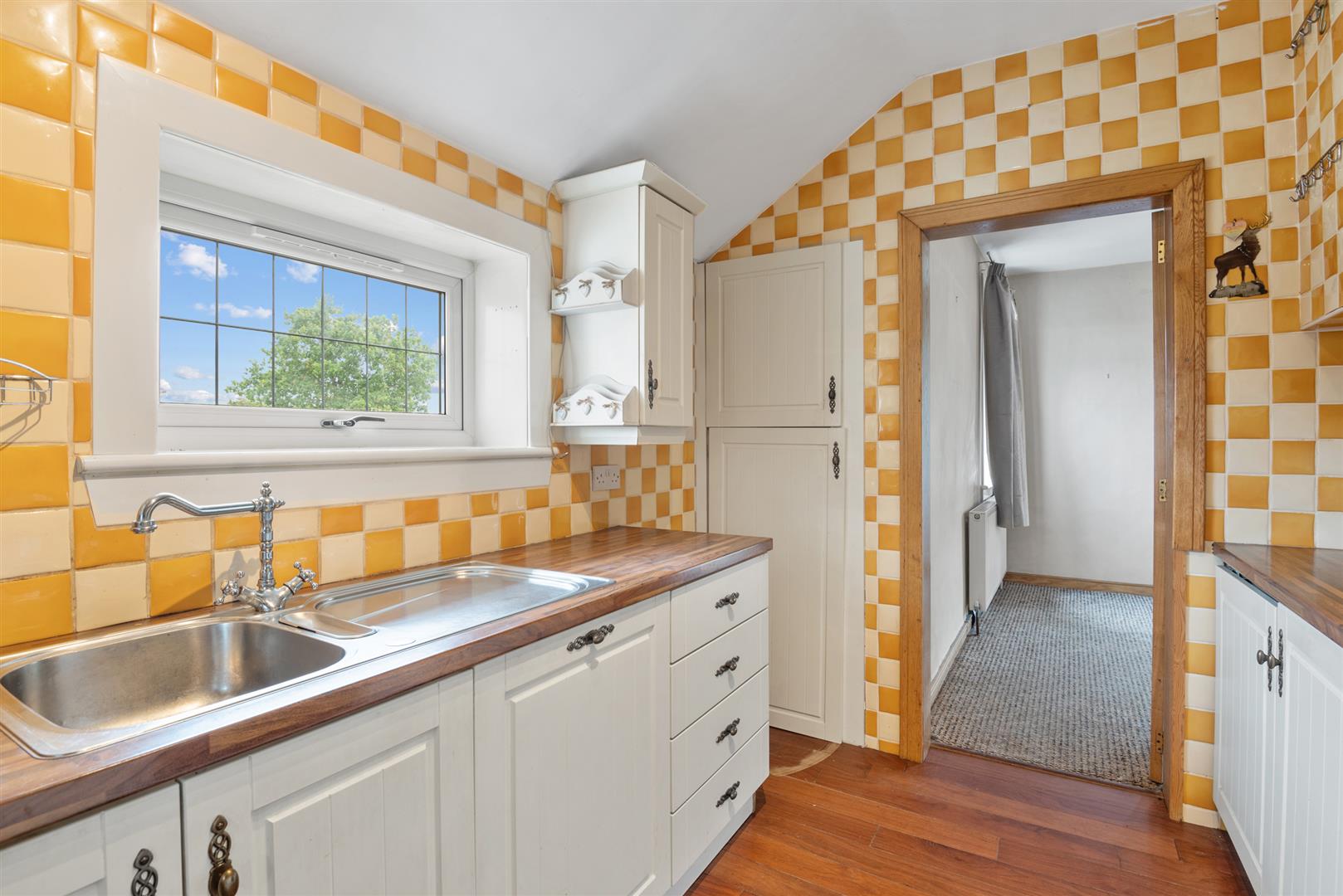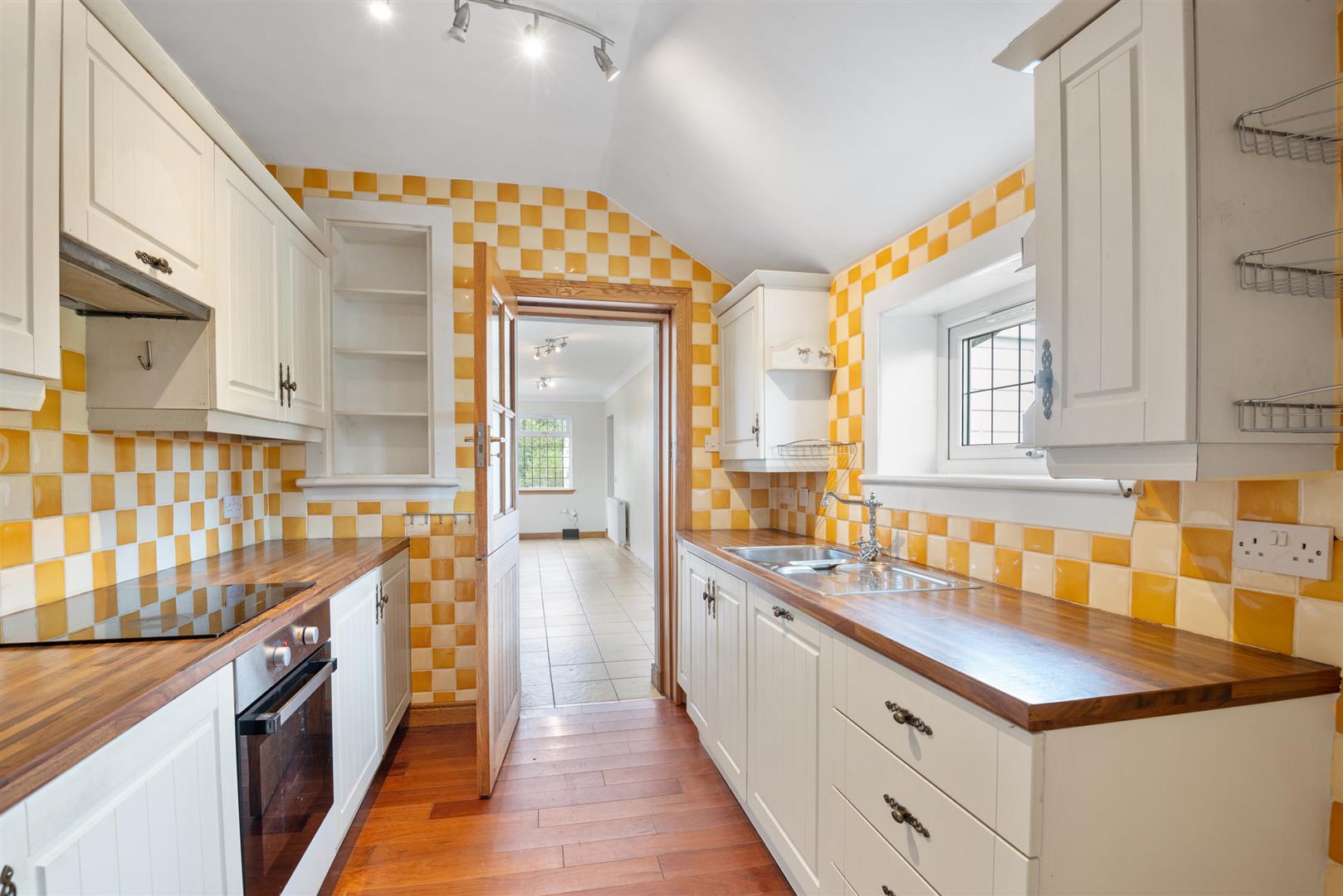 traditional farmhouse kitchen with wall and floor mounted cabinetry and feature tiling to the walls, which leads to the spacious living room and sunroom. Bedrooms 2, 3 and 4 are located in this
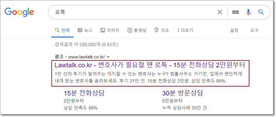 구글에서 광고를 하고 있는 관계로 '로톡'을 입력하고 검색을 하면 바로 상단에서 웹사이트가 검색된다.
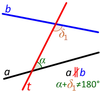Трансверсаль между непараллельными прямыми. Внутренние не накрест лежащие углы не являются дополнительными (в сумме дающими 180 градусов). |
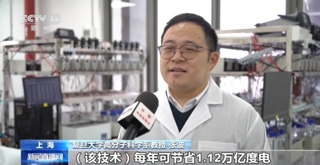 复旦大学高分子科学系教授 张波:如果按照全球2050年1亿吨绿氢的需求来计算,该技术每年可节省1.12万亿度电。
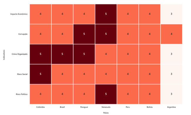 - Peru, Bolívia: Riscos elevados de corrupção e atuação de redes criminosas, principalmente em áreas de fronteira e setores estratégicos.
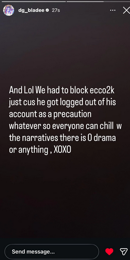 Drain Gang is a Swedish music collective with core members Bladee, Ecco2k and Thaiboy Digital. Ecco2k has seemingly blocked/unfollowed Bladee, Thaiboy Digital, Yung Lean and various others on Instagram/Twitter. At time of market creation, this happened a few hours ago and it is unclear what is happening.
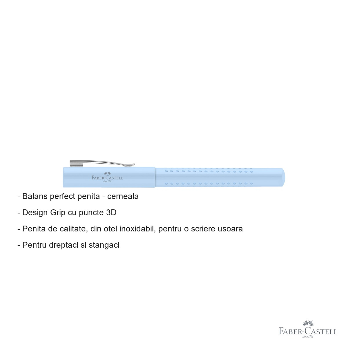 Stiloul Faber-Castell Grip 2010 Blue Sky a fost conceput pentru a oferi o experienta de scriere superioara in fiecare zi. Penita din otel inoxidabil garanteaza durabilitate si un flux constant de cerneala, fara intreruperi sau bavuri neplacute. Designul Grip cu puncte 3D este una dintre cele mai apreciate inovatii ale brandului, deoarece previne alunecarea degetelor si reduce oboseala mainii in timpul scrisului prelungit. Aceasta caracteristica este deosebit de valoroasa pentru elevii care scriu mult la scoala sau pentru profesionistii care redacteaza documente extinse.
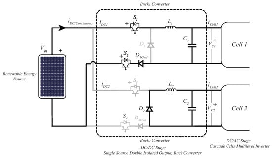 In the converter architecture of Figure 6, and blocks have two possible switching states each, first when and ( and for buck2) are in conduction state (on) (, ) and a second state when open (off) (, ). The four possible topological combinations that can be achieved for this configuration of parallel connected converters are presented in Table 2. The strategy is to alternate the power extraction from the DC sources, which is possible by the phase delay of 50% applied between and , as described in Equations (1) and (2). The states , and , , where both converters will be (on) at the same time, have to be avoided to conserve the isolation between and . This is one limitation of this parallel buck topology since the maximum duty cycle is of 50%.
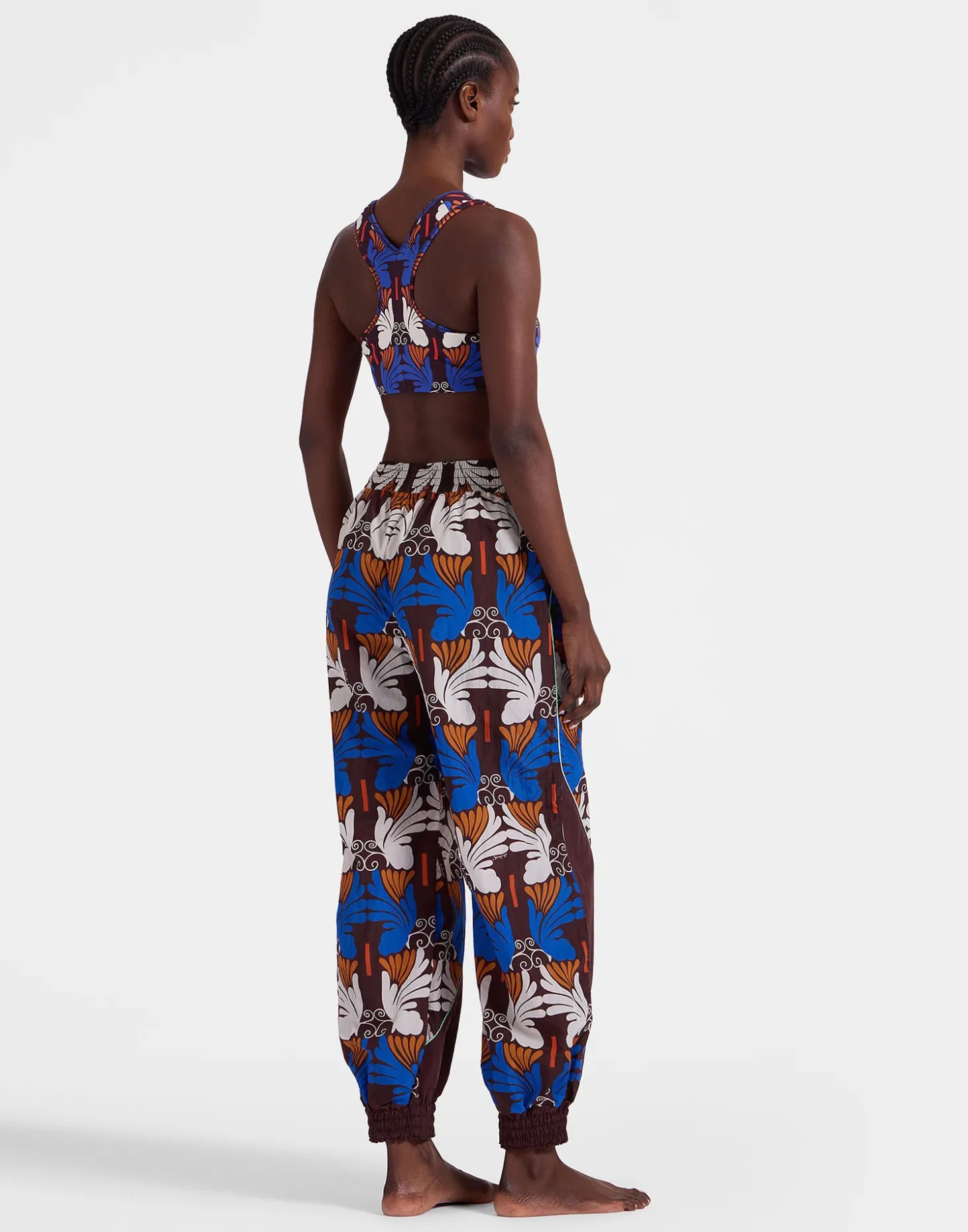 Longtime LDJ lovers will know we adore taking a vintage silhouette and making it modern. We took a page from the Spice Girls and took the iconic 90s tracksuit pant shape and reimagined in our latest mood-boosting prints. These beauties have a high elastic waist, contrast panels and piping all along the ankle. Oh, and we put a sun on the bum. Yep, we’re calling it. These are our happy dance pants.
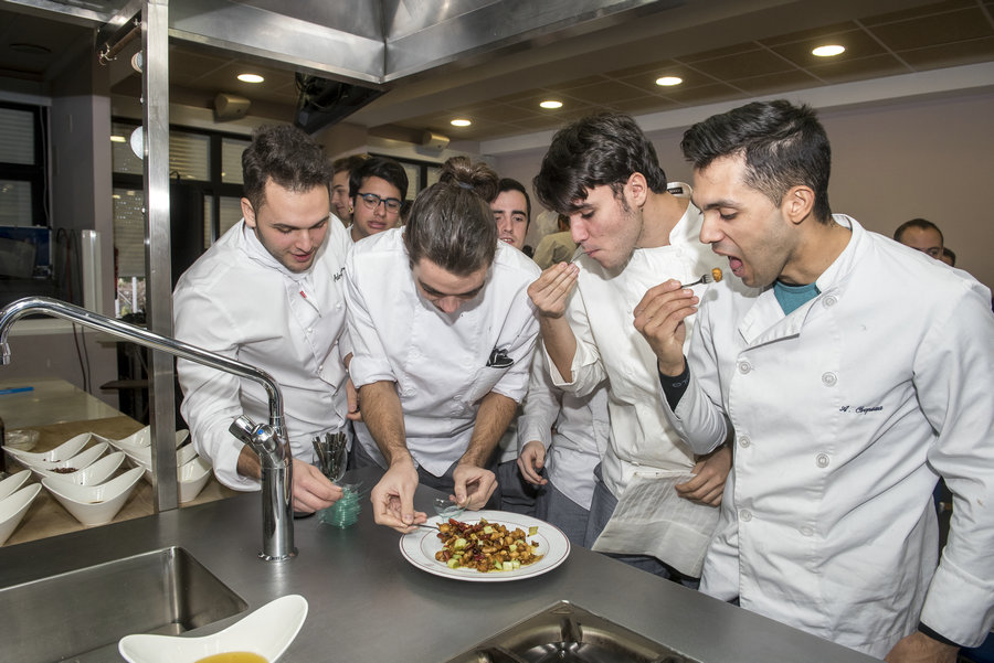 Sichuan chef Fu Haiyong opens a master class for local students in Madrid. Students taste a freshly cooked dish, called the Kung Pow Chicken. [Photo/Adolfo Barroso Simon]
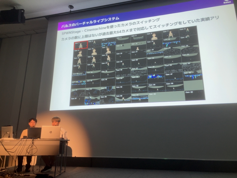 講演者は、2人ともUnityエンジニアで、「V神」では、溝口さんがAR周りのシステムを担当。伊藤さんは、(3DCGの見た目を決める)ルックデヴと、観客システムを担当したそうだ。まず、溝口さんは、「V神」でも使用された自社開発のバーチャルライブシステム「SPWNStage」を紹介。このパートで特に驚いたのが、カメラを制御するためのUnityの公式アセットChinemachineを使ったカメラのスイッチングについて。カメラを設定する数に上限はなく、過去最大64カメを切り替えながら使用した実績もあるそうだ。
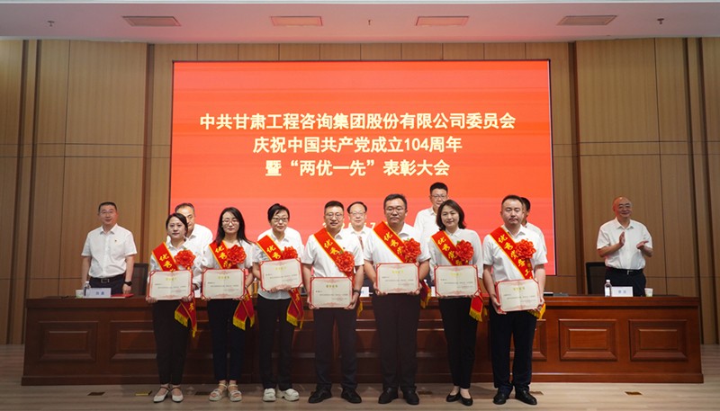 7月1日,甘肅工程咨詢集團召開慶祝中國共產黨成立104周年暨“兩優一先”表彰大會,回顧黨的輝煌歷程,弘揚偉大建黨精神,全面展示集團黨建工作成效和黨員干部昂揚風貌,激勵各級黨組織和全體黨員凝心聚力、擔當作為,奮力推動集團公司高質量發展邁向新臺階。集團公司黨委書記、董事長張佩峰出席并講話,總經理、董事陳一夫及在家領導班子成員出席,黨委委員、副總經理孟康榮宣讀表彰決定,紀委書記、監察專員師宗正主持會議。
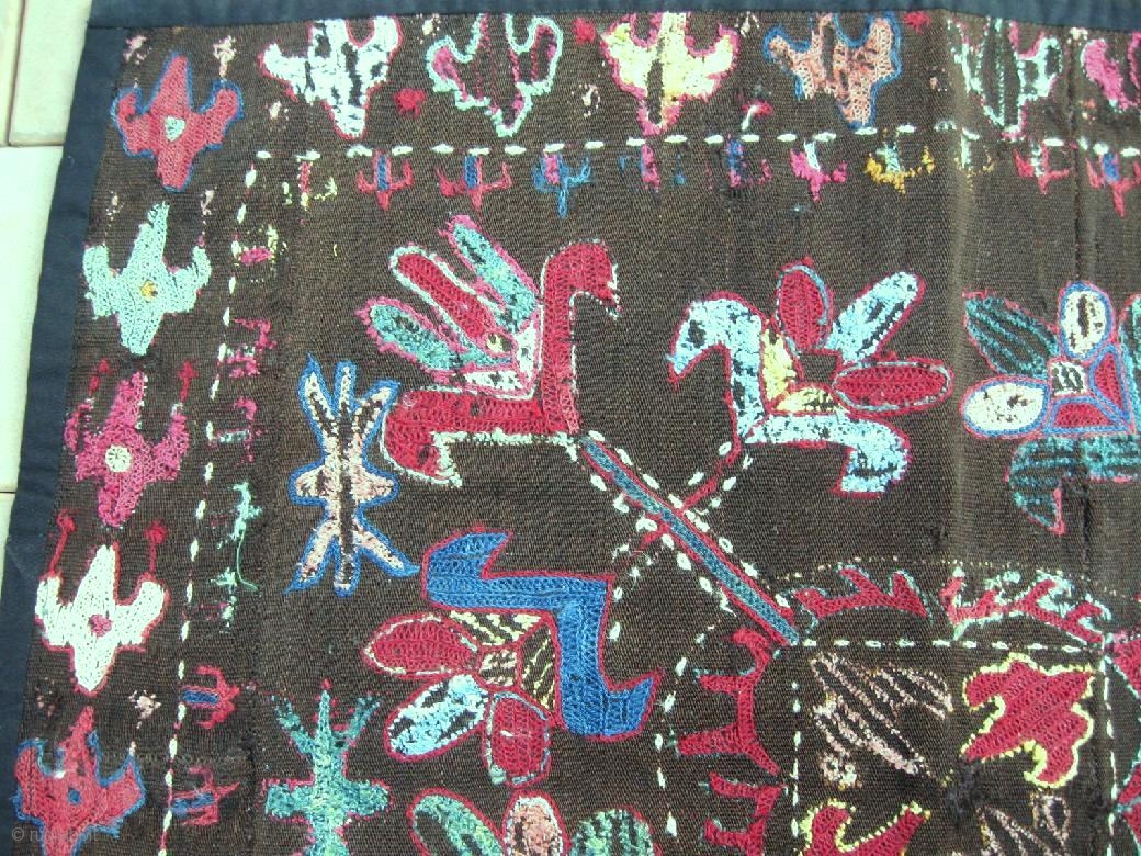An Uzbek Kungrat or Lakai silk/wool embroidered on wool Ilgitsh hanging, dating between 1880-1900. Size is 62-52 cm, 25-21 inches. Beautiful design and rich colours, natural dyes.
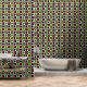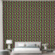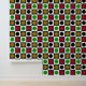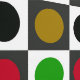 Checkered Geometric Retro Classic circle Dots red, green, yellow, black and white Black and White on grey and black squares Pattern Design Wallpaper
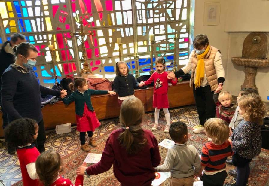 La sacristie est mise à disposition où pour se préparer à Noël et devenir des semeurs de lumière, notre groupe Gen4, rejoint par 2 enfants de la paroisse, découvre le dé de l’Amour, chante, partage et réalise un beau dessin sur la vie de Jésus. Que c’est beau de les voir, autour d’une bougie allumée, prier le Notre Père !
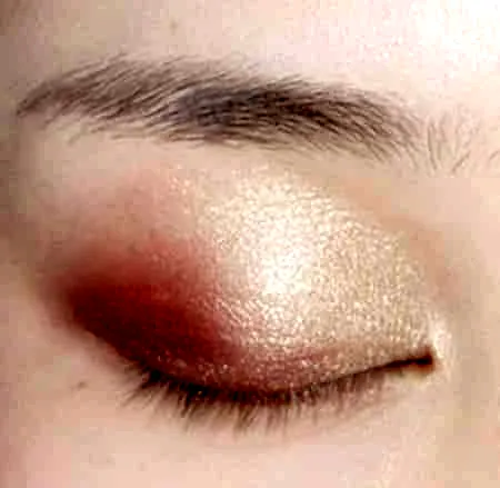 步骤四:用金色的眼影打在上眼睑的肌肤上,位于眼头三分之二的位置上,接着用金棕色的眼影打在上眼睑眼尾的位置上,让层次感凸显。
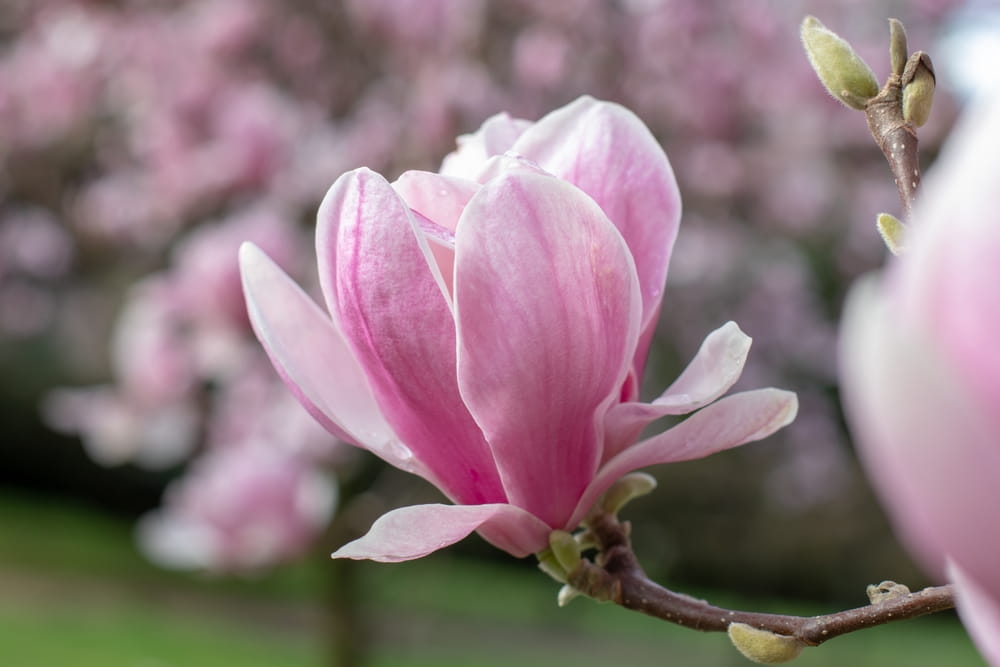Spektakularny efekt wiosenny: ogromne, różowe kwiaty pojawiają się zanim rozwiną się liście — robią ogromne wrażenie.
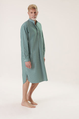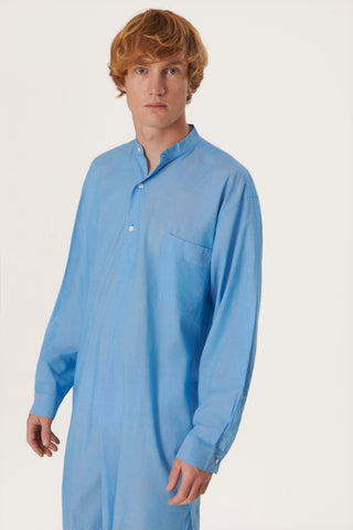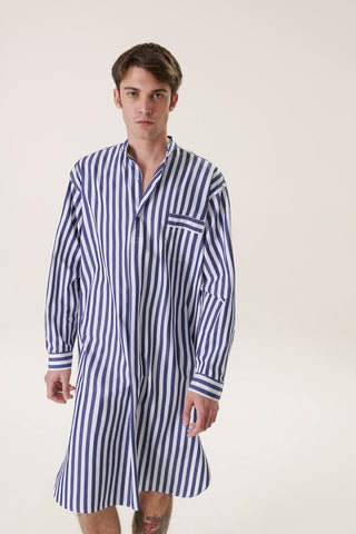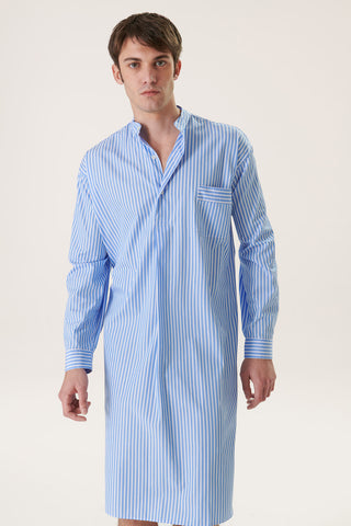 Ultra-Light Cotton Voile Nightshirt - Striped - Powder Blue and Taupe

- - - - -

- [Task statement]:
Leave the images out and transcribe the remaining data above word for word.

- [Result below]:
 traditional farmhouse kitchen with wall and floor mounted cabinetry and feature tiling to the walls, which leads to the spacious living room and sunroom. Bedrooms 2, 3 and 4 are located in this
 구글에서 광고를 하고 있는 관계로 '로톡'을 입력하고 검색을 하면 바로 상단에서 웹사이트가 검색된다.
Трансверсаль между непараллельными прямыми. Внутренние не накрест лежащие углы не являются дополнительными (в сумме дающими 180 градусов). |
 复旦大学高分子科学系教授 张波:如果按照全球2050年1亿吨绿氢的需求来计算,该技术每年可节省1.12万亿度电。
 - Peru, Bolívia: Riscos elevados de corrupção e atuação de redes criminosas, principalmente em áreas de fronteira e setores estratégicos.
 Drain Gang is a Swedish music collective with core members Bladee, Ecco2k and Thaiboy Digital. Ecco2k has seemingly blocked/unfollowed Bladee, Thaiboy Digital, Yung Lean and various others on Instagram/Twitter. At time of market creation, this happened a few hours ago and it is unclear what is happening.
 Stiloul Faber-Castell Grip 2010 Blue Sky a fost conceput pentru a oferi o experienta de scriere superioara in fiecare zi. Penita din otel inoxidabil garanteaza durabilitate si un flux constant de cerneala, fara intreruperi sau bavuri neplacute. Designul Grip cu puncte 3D este una dintre cele mai apreciate inovatii ale brandului, deoarece previne alunecarea degetelor si reduce oboseala mainii in timpul scrisului prelungit. Aceasta caracteristica este deosebit de valoroasa pentru elevii care scriu mult la scoala sau pentru profesionistii care redacteaza documente extinse.
 In the converter architecture of Figure 6, and blocks have two possible switching states each, first when and ( and for buck2) are in conduction state (on) (, ) and a second state when open (off) (, ). The four possible topological combinations that can be achieved for this configuration of parallel connected converters are presented in Table 2. The strategy is to alternate the power extraction from the DC sources, which is possible by the phase delay of 50% applied between and , as described in Equations (1) and (2). The states , and , , where both converters will be (on) at the same time, have to be avoided to conserve the isolation between and . This is one limitation of this parallel buck topology since the maximum duty cycle is of 50%.
 Longtime LDJ lovers will know we adore taking a vintage silhouette and making it modern. We took a page from the Spice Girls and took the iconic 90s tracksuit pant shape and reimagined in our latest mood-boosting prints. These beauties have a high elastic waist, contrast panels and piping all along the ankle. Oh, and we put a sun on the bum. Yep, we’re calling it. These are our happy dance pants.
 Sichuan chef Fu Haiyong opens a master class for local students in Madrid. Students taste a freshly cooked dish, called the Kung Pow Chicken. [Photo/Adolfo Barroso Simon]
 講演者は、2人ともUnityエンジニアで、「V神」では、溝口さんがAR周りのシステムを担当。伊藤さんは、(3DCGの見た目を決める)ルックデヴと、観客システムを担当したそうだ。まず、溝口さんは、「V神」でも使用された自社開発のバーチャルライブシステム「SPWNStage」を紹介。このパートで特に驚いたのが、カメラを制御するためのUnityの公式アセットChinemachineを使ったカメラのスイッチングについて。カメラを設定する数に上限はなく、過去最大64カメを切り替えながら使用した実績もあるそうだ。
 7月1日,甘肅工程咨詢集團召開慶祝中國共產黨成立104周年暨“兩優一先”表彰大會,回顧黨的輝煌歷程,弘揚偉大建黨精神,全面展示集團黨建工作成效和黨員干部昂揚風貌,激勵各級黨組織和全體黨員凝心聚力、擔當作為,奮力推動集團公司高質量發展邁向新臺階。集團公司黨委書記、董事長張佩峰出席并講話,總經理、董事陳一夫及在家領導班子成員出席,黨委委員、副總經理孟康榮宣讀表彰決定,紀委書記、監察專員師宗正主持會議。
An Uzbek Kungrat or Lakai silk/wool embroidered on wool Ilgitsh hanging, dating between 1880-1900. Size is 62-52 cm, 25-21 inches. Beautiful design and rich colours, natural dyes.
 Checkered Geometric Retro Classic circle Dots red, green, yellow, black and white Black and White on grey and black squares Pattern Design Wallpaper
 La sacristie est mise à disposition où pour se préparer à Noël et devenir des semeurs de lumière, notre groupe Gen4, rejoint par 2 enfants de la paroisse, découvre le dé de l’Amour, chante, partage et réalise un beau dessin sur la vie de Jésus. Que c’est beau de les voir, autour d’une bougie allumée, prier le Notre Père !
 步骤四:用金色的眼影打在上眼睑的肌肤上,位于眼头三分之二的位置上,接着用金棕色的眼影打在上眼睑眼尾的位置上,让层次感凸显。
Spektakularny efekt wiosenny: ogromne, różowe kwiaty pojawiają się zanim rozwiną się liście — robią ogromne wrażenie.
 Ultra-Light Cotton Voile Nightshirt - Striped - Powder Blue and Taupe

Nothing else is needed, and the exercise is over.